Specifically on that laptop dog template, I make some changes to it and included my own image and links in there. Now I have seen how to do it, it makes sense - thanks.

So an analysis of that block is:

* The block type is ‘core/template’. That appears to be similar to an ‘include’ in other templating systems - it just pulls in a template without any particular functionality.

* The template is located at “callouts/left_col.phtml” (in the apps/design theme). It could have been anywhere though. Some of the template folders are linked to specific blocks of functionality by their name (I think - “customers” is one you mentioned) but this one “callouts” is just an arbitrary name used by the theme designer.
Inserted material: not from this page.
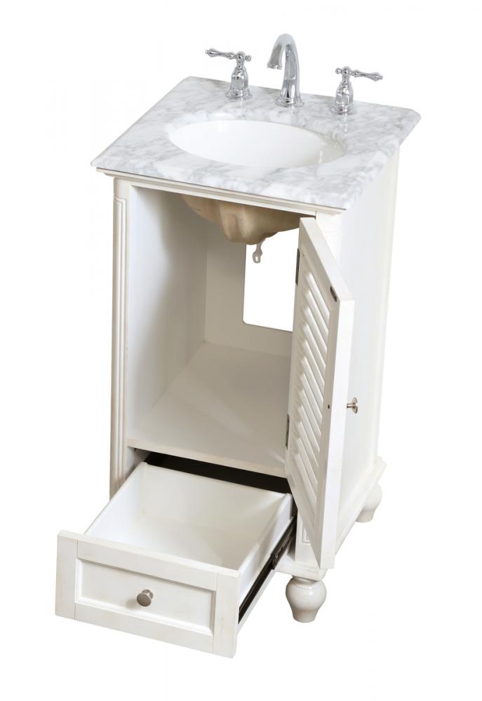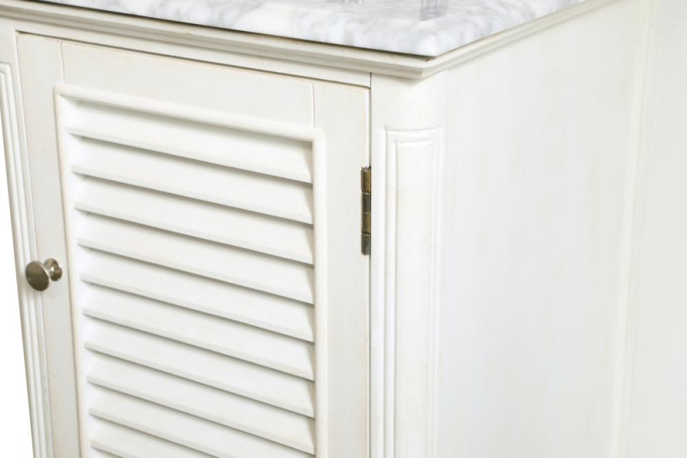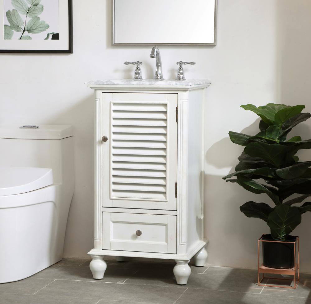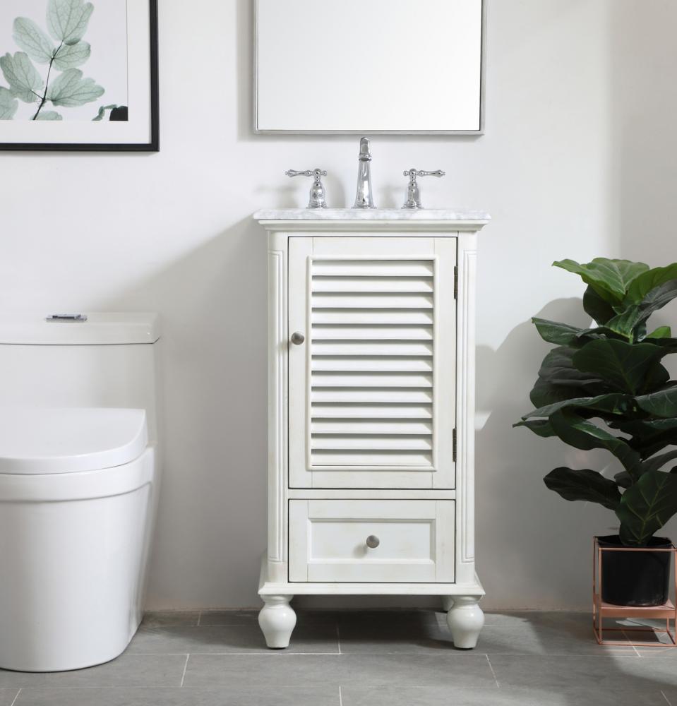 A small space doesn't mean you have to settle for less. The Rhodes collection compact vanity in an antique white finish will add lovely sophistication and complement any small bathroom or powder room, while utilizing its charm and function to provide you with ample storage spaces. Brushed nickel knobs gently adorn the shuttered cabinet door and drawer at the base, allowing for you to store away your bathroom essentials. The Carrara white marble countertop, porcelain undermount sink, dignified subtle engravings on the side edges, and rounded legs all come together to create contemporary beauty. Work with your space, and design a beautiful room, no matter the size.

* The name of the block “left.permanent.callout” - I cannot work out what the significance of that is. Is it, again, an arbitrary name defined by the theme designer? I created a second block with the same name, and both ended up with the same content. I then changed the names to “left.permanent.callout1” and “left.permanent.callout2” and they both took on their own separate content. So my conclusion is that this is a naming scheme left up to the theme developer, and so we should not expect any project documentation on these names.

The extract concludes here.